Consider first, the foresight the Blessed Virgin had of the passion of her Son, from the time that she heard that prophetic prediction addressed to her by holy Simeon, Luke ii. 34, 35, that he should ‘be set for a sign which should be contradicted, and that a sword should pierce her own soul.’ Yes, blessed Lady, a sword indeed, far more sharp and penetrating than any earthly steel, which can only pierce the body and cannot reach the soul, whereas this sword, of more than mortal anguish, which thou sufferest by occasion of the passion of thy Son, inflicts a most bitter, deep, and deadly wound in the very midst of thy soul. A wound which began to be inflicted at the time of this prophecy, by the sense which the heavenly Father then gave thee of what thy Son was to suffer; a wound which was a most bitter alloy of all those consolations which thou receivedst from the sight, conversation, and embraces of thy Jesus; a wound which thou carriedst about with thee in thy soul all the time of his mortal life, still growing upon thee as the time of his Passion drew nearer, and not healed but by his glorious Resurrection. Christians, see how the greatest favourite of heaven by divine appointment meets with the greatest crosses in this mortal pilgrimage. But no wonder Christ himself was first to suffer, and so to enter into his glory; his blessed Mother and all the Saints were to walk in the same road in order to follow him and to partake us his glorious kingdom. O! think not much if your Lord chooses for you what he chose for himself, for his blessed Mother, and for all his elect.

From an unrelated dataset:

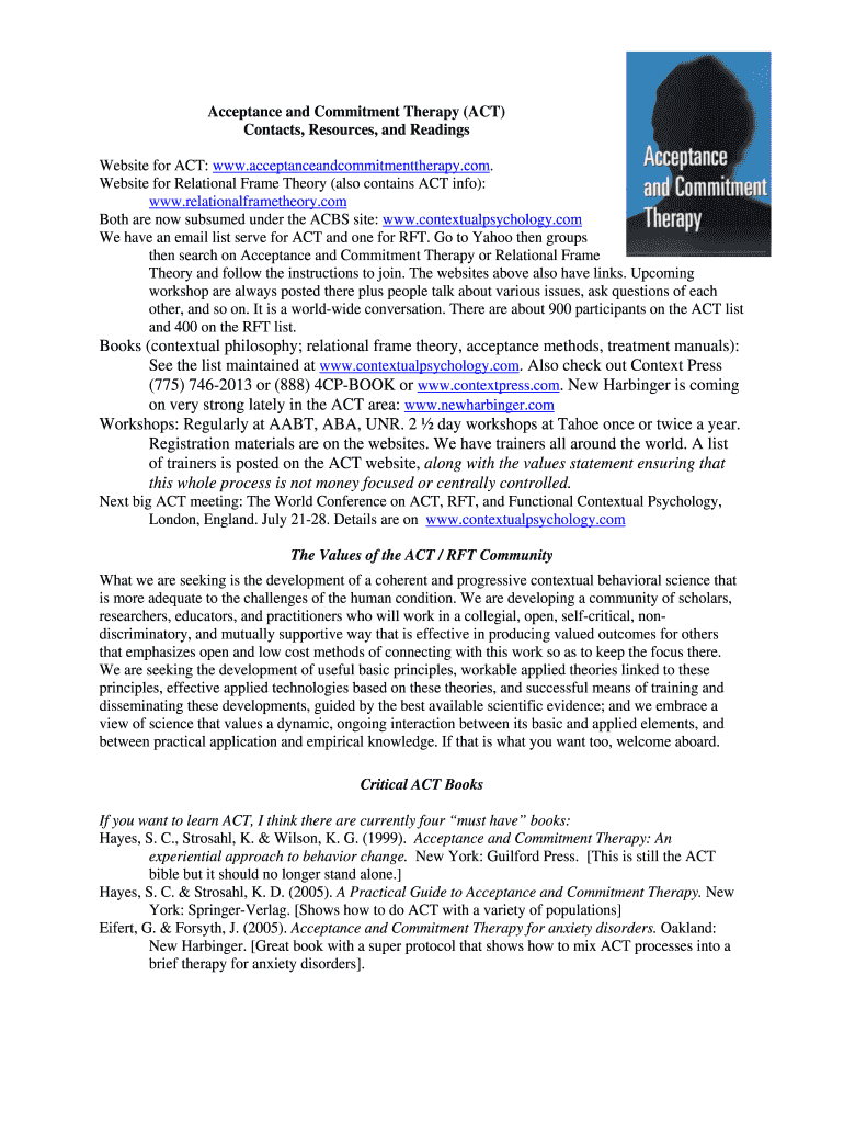 Get the free Acceptance and Commitment Therapy (ACT)

Consider 2ndly, how much the affliction and anguish of this Virgin Lady was increased, when the news was brought her of her Son’s being betrayed by Judas, apprehended, bound, and dragged away in that inhuman manner before the council, and what treatment he had met with there, after being condemned by them. But as the sight usually affects us more than the hearing, so doubtless this blessed Mother was oppressed with a far more killing grief, when on the next morning she was an eye-witness of all the injuries, outrages, and torments which he suffered in the different stages of his passion. For as no love that any person upon earth has ever experienced could any ways approach to the love she bore our Lord, not only as her Son, but much more as her God; so, in proportion to her love her anguish and sorrow to see him treated in that cruel, and barbarous, and outrageous manner, was the greatest that any pure creature could ever sustain, and nothing less than a miracle could have supported her or kept her alive under so dreadful a torture. Ah, Christians the whips, thorns, and nails that pierced his flesh pierced her heart with inexpressible pain and sorrow, which none surely could ever exceed, but those of her Son, ‘the man of sorrows.’ O take pity, my soul, on the sorrows of them both, and see thou never more concur to grieve them by sin.

Consider 3rdly, more in particular how the Blessed Virgin was affected when she first saw her Son in the morning in the hands of his enemies, all disfigured by their blows, with his hands tied behind him, his face covered with spittle, and his hair all rent and torn. O my soul, even so hard a heart as thine could scarce bear such a sight as this, much less her tender heart! But what was this in comparison with what she endured when he was so cruelly scourged at the pillar; when he was crowned with piercing thorns, and buffeted by a whole band of soldiers! O what pangs did she suffer when she saw him presented to the people with the ‘Ecce homo!’ Behold the man! How did she then feel in her soul all those wounds she there discovered in his head and body? Nor did she suffer less, but rather much more, when she followed him in his last journey to Mount Calvary, bearing his cross on his mangled shoulders, and marking the way with his sacred blood. But what was all this if compared with what she endured, when she heard the strokes of the hammer driving the nails into his hands and feet; when she saw him hoisted up into the air, and there hanging, extended as upon a rack, and supported by his wounds; when standing near the cross, she saw the extremity of the torture he there endured; contemplated the multitude and variety of his sufferings, heard his last dying words, and saw him give up the ghost? O how truly might she then cry out with the Prophet, ‘O all you that pass by the way, attend and see, if there be sorrow like to my sorrow!’ Lament. i. 12. Learn my soul, from this Queen of sorrows, with what eye thou oughtest to look upon the sufferings of the Son of God, and how to bewail those sins which have given cause to them.

Conclude to imitate the virtues of which this blessed Lady has given us an illustrious example in this martyrdom she endured under the cross of her Son - especially learn her courage and fortitude under such bitter suffering; her patience and perfect conformity to the will of God; her lively faith and hope. These must support thee also under all thy crosses.